— Nunca pensei que este lugar existisse de verdade… – comentou Panfílio com alguém que caminhava ao seu lado.
— Que lugar? Disse o outro, ainda meio desorientado.
— O purgatório.
— Purgatório? Como sabe que estamos no purgatório?
— Ora, basta olhar ao redor… Não é a Terra, não é o Inferno, tampouco o Paraíso. Parece mais um não-lugar, um nível intermédio entre mundos.
— Quer dizer então que… morremos?
(Silêncio).
Panfílio era um soldado que fora morto em batalha. Como todos os mortos quando desencarnam, levam um tempo para entenderem o que está acontecendo. O tempo de desorientação varia, de acordo com o tipo de morte e circunstâncias. Mesmo aqueles cuja morte é iminente, sentem-se desorientados, mas os de morte repentina e inesperada são os piores.
Embora todos partam deixando para trás os negócios terrenos, as memórias terrenas permanecem com a matéria não-corpórea até o momento da nova encarnação, quando voltam para a Terra e encarnam um novo corpo. Geralmente outro corpo humano, mas não é uma regra…
De acordo com a Lei da Ação e Reação em voga no lugar, é no momento da encarnação que a matéria não-corpórea decide como será seu destino terrestre. Não absolutamente, mas um grande aspecto do que essa vida será. Para isso, são prostradas frente a uma grande Balança, a Balança das Ações, onde são colocadas todas as ações terrenas daquela alma, as boas de um lado e as más do outro. Não só as ações da última encarnação, mas de todos os tempos! Enquanto houver desbalanço entre os lados da Balança, a matéria não-corpórea está fadada a voltar à Terra.

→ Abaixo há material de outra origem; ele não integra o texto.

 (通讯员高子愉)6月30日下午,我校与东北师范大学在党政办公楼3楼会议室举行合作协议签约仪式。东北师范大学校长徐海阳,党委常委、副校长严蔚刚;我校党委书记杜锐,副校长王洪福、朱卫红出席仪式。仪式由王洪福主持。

Neste momento, não basta escolher voltar como uma boa pessoa, e assim tentar aliviar um lado da Balança, pois o comportamento está associado às coisas não pré-determinadas. Aliás, poucas coisas são pré-determinadas, mas o comportamento, particularmente, é sujeito a inúmeras interações entre, e pode tomar rumos completamente diferente do que fora planejado, e acabar desbaslanceando ainda mais a Balança das Ações.
A maneira mais eficaz de tentar equalizar a Balança, dizem, é pelo sofrimento. O sofrimento traz o benefício de transformar profundamente o encarnado. Tem quem escolha encarnar com algum tipo de deficiência física ou mental. Tem também aqueles que escolhem perder entes queridos muito cedo, outros escolhem eles mesmos partirem muito cedo, em acidentes horríveis, ou de maneira violenta, ou ainda por doenças incuráveis… tudo na tentativa de aliviar a Balança das Ações.

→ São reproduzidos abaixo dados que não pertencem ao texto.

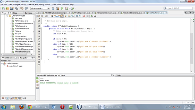 Pada program diatas, kita menggunakan 2 kelas yaitu StudentInfo yang berisi variabel dan method siswa dan kelas StudentDetails yang berisi inisialisasi variabel dan pemanggilan fungsi printDetails, dengan terlebih dahulu membuat objek dengan nama student. Perlu diperhatikan di sini, ketika anda akan menyimpan nama sebuah file, maka wajib berikan nama file dari kelas yang ada fungsi main. Dari contoh diatas , kelas yang mempunyai fungsi main ialah kelas StudentDetails, oleh karena itu nama file yang tepat ialah StudentDetails.java.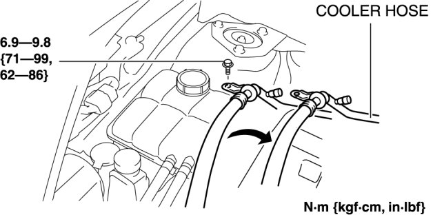 5. Remove the cooler hose bracket bolt and set the cooler hose aside.

Há uma lenda que diz que uma certa matéria não-corpórea, ao ver tamanho desequilíbrio em sua Balança, decidiu voltar não-humano. Motivado pela enormidade de decisões e responsabilidades que cercam os humanos, só havia uma coisa pela qual ansiava: simplicidade! Em um misto de decepção com a raça humana, e romantismo bucólico, escolheu voltar um cavalo! Talvez pelo porte físico portento, elegante no galope… mas certamente pela simplicidade!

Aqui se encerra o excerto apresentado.